Task material —
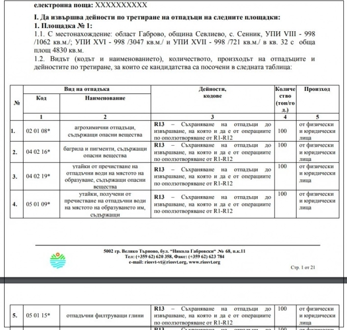 Разрешителното за съхранение на отпадъци съдържа 368 вида отпадъци
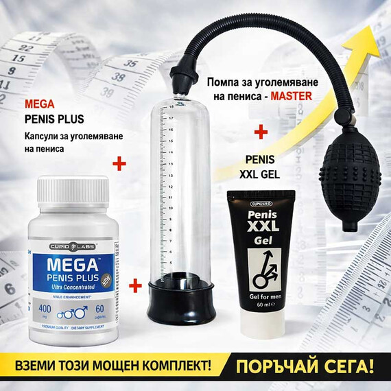 В комплекта ще намерите най-добрата пенис помпа, която ще Ви помогне да постигнете по-твърда и удължена ерекция, заедно с гел за увеличаване размера на пениса, който действа директно върху тъканите и помага да се увеличи дължината и обиколката на пениса. Но това не е всичко! Комплектът включва и таблетки Mega Penis Plus, които ще Ви помогнат да подобрите кръвообращението в областта на пениса и да ускорите растежа му.
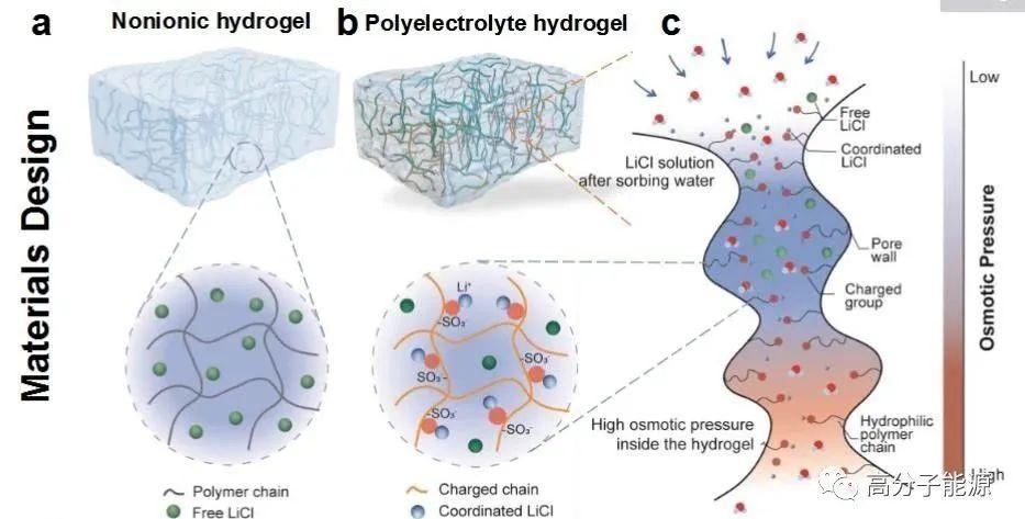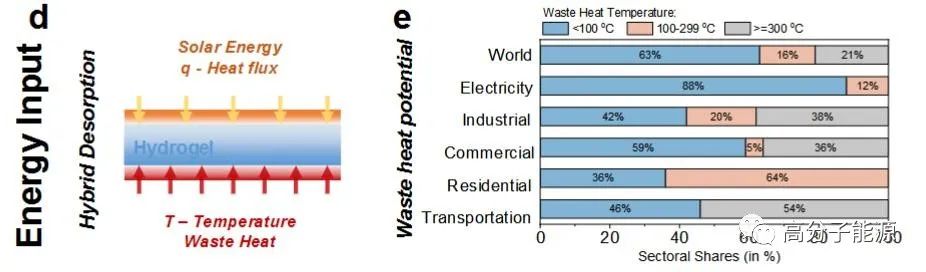 由可持续废热和太阳能驱动的大气水收集的水凝胶基材料平台示意图。a)非离子水凝胶和不与不带电聚合物链相互作用的自由LiCl示意图。b)具有配位LiCl和带相反电荷的亲水聚合物链的聚电解质水凝胶示意图。c)聚电解质水凝胶内部高效吸水、运输和储存示意图。水蒸气被孔壁表面自由配位的LiCl捕获,生成的LiCl溶液中被捕获的水分子由于强大的渗透压差被拉入水凝胶内部,促进被吸附水的转移和滞留。d)废热与太阳能耦合的混合解吸模式释水示意图。e)驱动解吸的所有部门的全球废热潜力
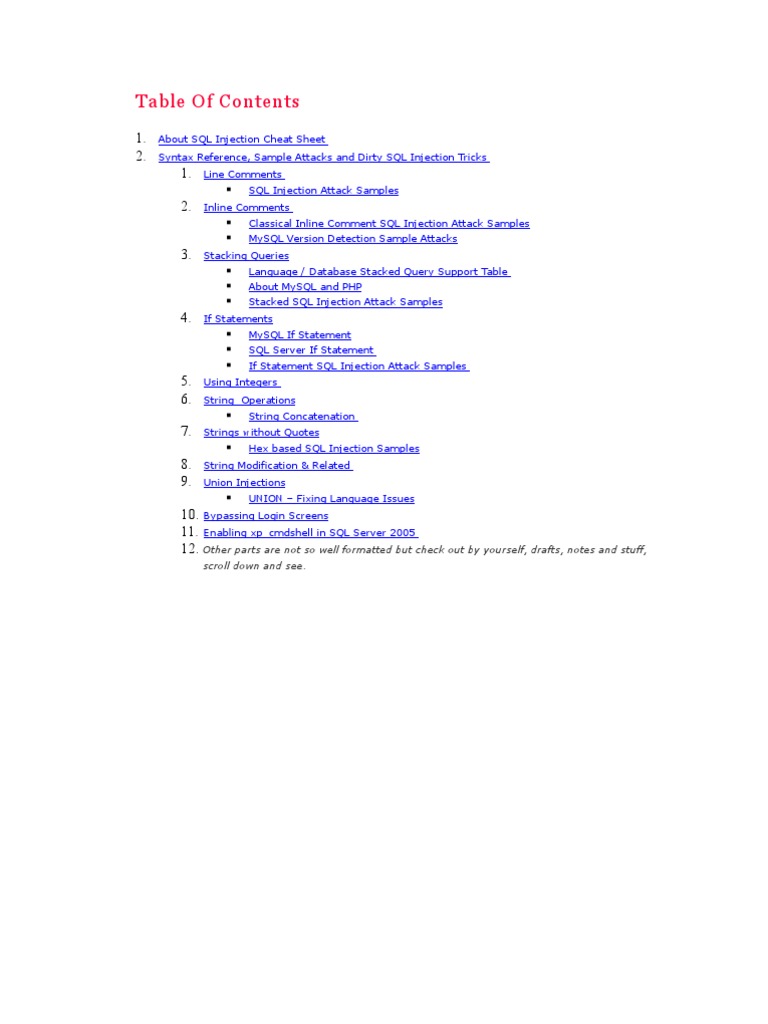 1. About SQL Injection Cheat Sheet
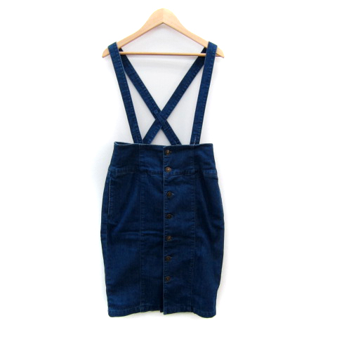 【中古】ダズリン デニムタイトスカート ボタンダウンスカート スリット サスペンダー付 S 青 ブルー レディース
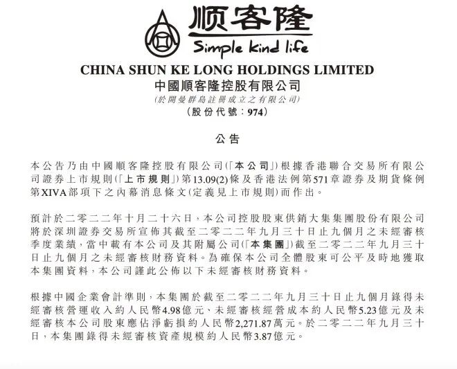 龙商网消息:10月25日,中国顺客隆公布的业绩公告显示,前三季度营收约4.98亿元(未经审核),经营成本约5.23亿元(未经审核),股东应占净亏损2271.87万元(未经审核),资产规模约3.87亿元(未经审核)。按此计算,中国顺客隆第三季度依旧亏损831.97万元,有扩大趋势。
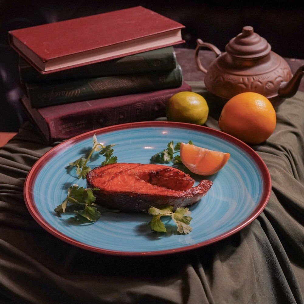 Ароматный и легкий стейк из форели с гриля, подается со свежим лимоном и зеленью
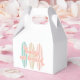 Baby On Board surfboard beach baby shower favour boxes in pink and aqua.
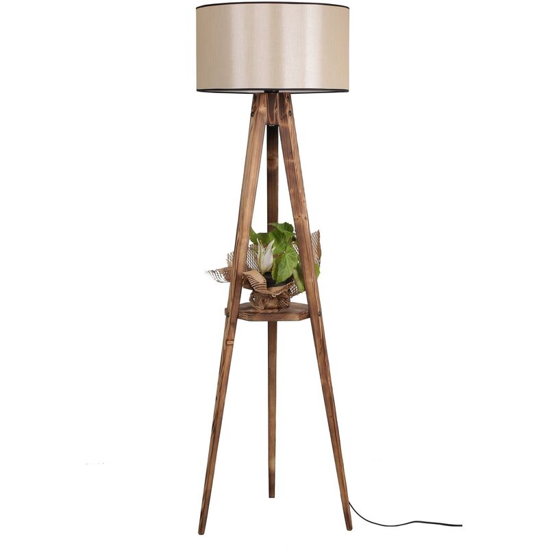 Lampada da pavimento colore marrone Struttura in legno Schermo in tessuto Scaffale in legno Altezza dello schermo: 24 cm Schermata del diametro: 45 cm Diametro del piede: 50 cm Altezza totale: 153 cm Scaffale: 26 x 26 cm Altezza: 65 cm Interruttore di onda/spegnimento nel cavo Vernice secca al forno elettrostatico Tipo di discussione: E 27 Max 60 W Tensione massima: 220-240 V.
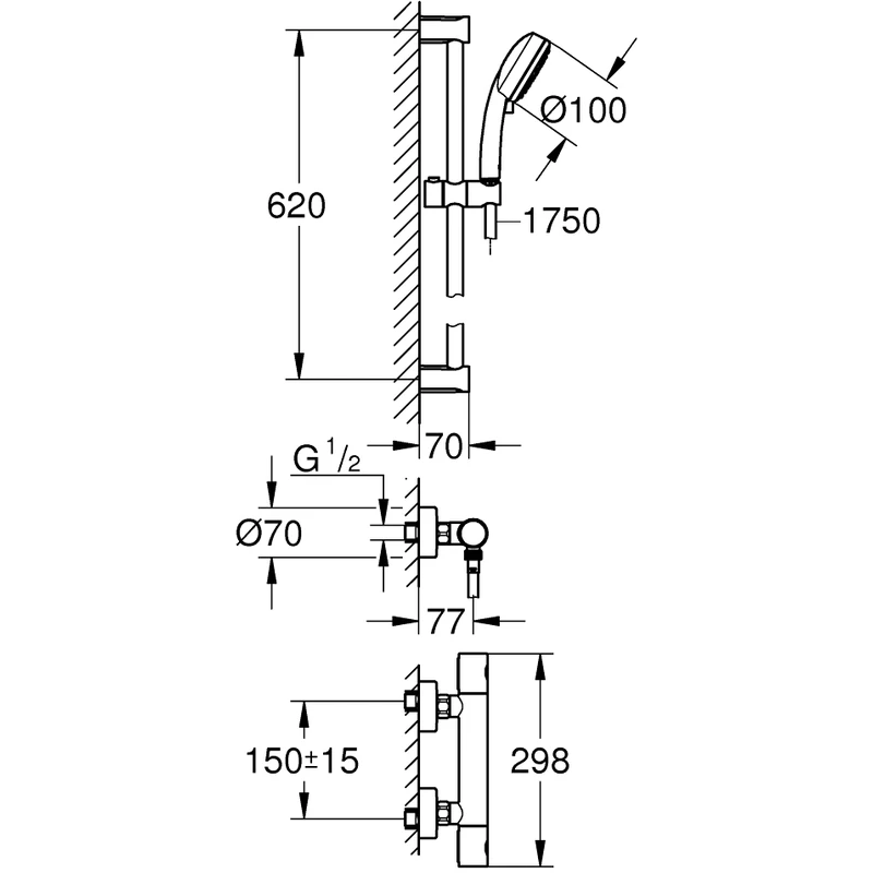 Consisting of Grohtherm 800 Cosmopolitan thermostatic shower mixer 1/2″ (34765 000)

What to do — Please print the lines from the one holding "Ароматный и легкий" through the end of the records above, unchanged and with the pictures left out.

Task result —
 Ароматный и легкий стейк из форели с гриля, подается со свежим лимоном и зеленью
 Baby On Board surfboard beach baby shower favour boxes in pink and aqua.
 Lampada da pavimento colore marrone Struttura in legno Schermo in tessuto Scaffale in legno Altezza dello schermo: 24 cm Schermata del diametro: 45 cm Diametro del piede: 50 cm Altezza totale: 153 cm Scaffale: 26 x 26 cm Altezza: 65 cm Interruttore di onda/spegnimento nel cavo Vernice secca al forno elettrostatico Tipo di discussione: E 27 Max 60 W Tensione massima: 220-240 V.
 Consisting of Grohtherm 800 Cosmopolitan thermostatic shower mixer 1/2″ (34765 000)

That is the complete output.